● **What you are asked to do**
Please transcribe only the lines from the one holding "設(shè)于二樓的陽(yá" through the final line of the data, both included, with no pictures.

● **Data section**
>>>

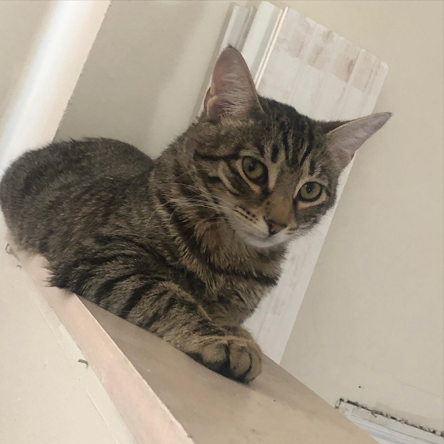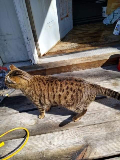He is male 3 1/2 years old, spayed, has hazel eyes, all white stomach and white paws. The rest of him is a brown grey with Black tiger stripes. He’s a tabby cat. Has a distinctive brown mole on his pink nose. White snout with a little white line between his eyes. He has cute
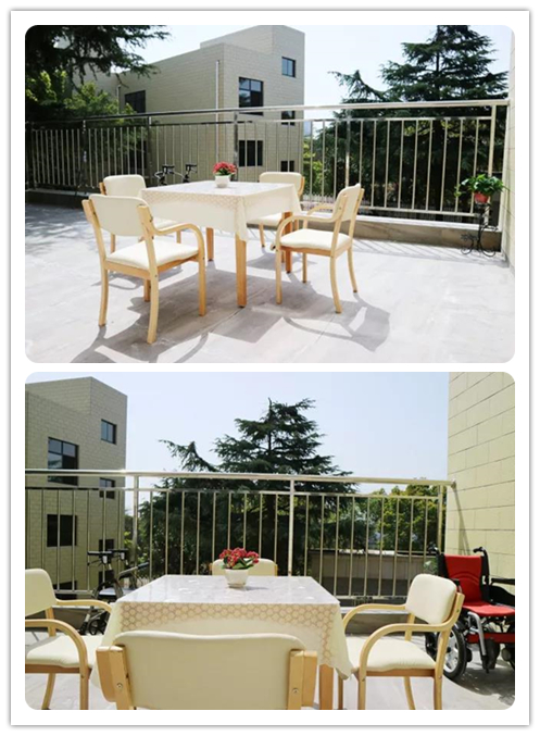 設(shè)于二樓的陽(yáng)臺(tái),是老人們經(jīng)常光顧的地方;他們?cè)谶@里曬太陽(yáng)、做鍛煉,與家屬及志愿者們聊天、下棋、做手工,收獲快樂(lè)也傳遞快樂(lè)。
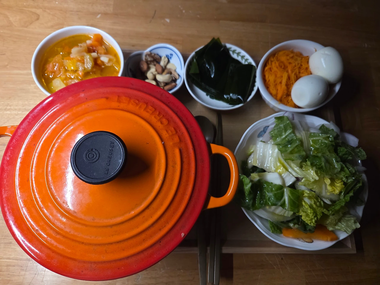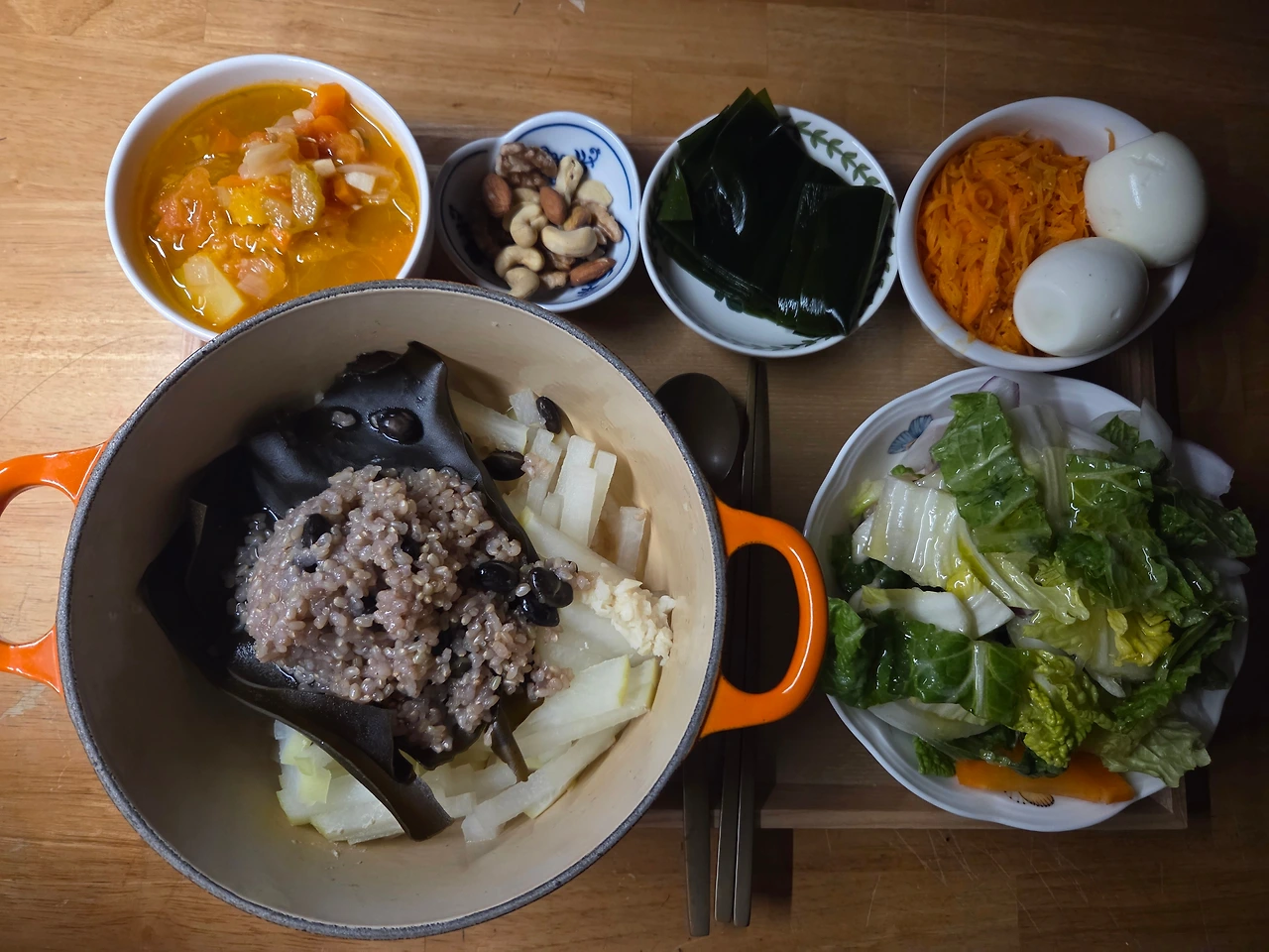 아침에 따뜻한 게 먹고 싶어 무채나물을 만들어 먹었다. 나머지는 다 준비된 재료들. 잘라둔 야채, 삶아둔 계란, 만들어 놓은 당근라페, 손질해 둔 쌈 다시마, 전치리 후 구워둔 견과류들, 만들어 놓은 야채수프. 무채나물이 다 익어갈 때쯤 위에 밥을 올려 데워주었다.
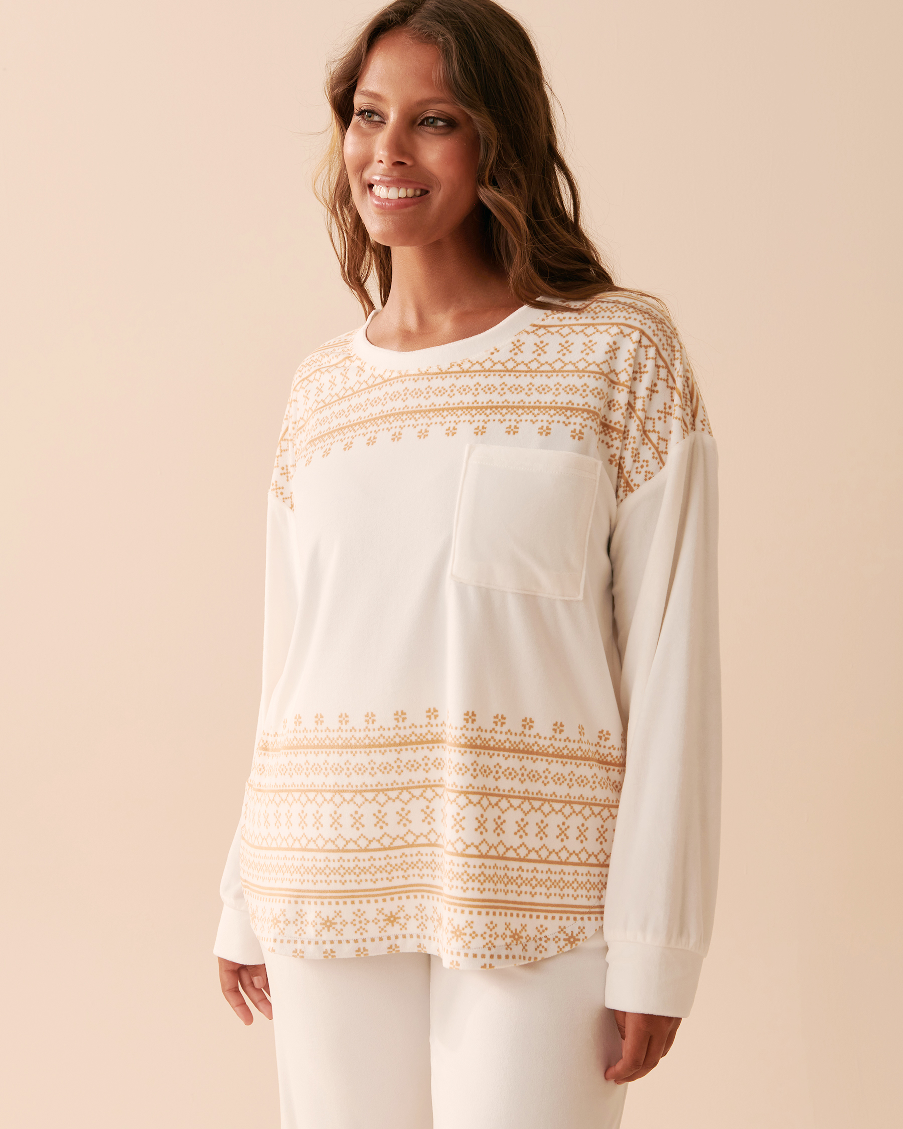 Chandail manches longues à poche en velours luxueux

<<<

● **Written answer**
 設(shè)于二樓的陽(yáng)臺(tái),是老人們經(jīng)常光顧的地方;他們?cè)谶@里曬太陽(yáng)、做鍛煉,與家屬及志愿者們聊天、下棋、做手工,收獲快樂(lè)也傳遞快樂(lè)。
 아침에 따뜻한 게 먹고 싶어 무채나물을 만들어 먹었다. 나머지는 다 준비된 재료들. 잘라둔 야채, 삶아둔 계란, 만들어 놓은 당근라페, 손질해 둔 쌈 다시마, 전치리 후 구워둔 견과류들, 만들어 놓은 야채수프. 무채나물이 다 익어갈 때쯤 위에 밥을 올려 데워주었다.
 Chandail manches longues à poche en velours luxueux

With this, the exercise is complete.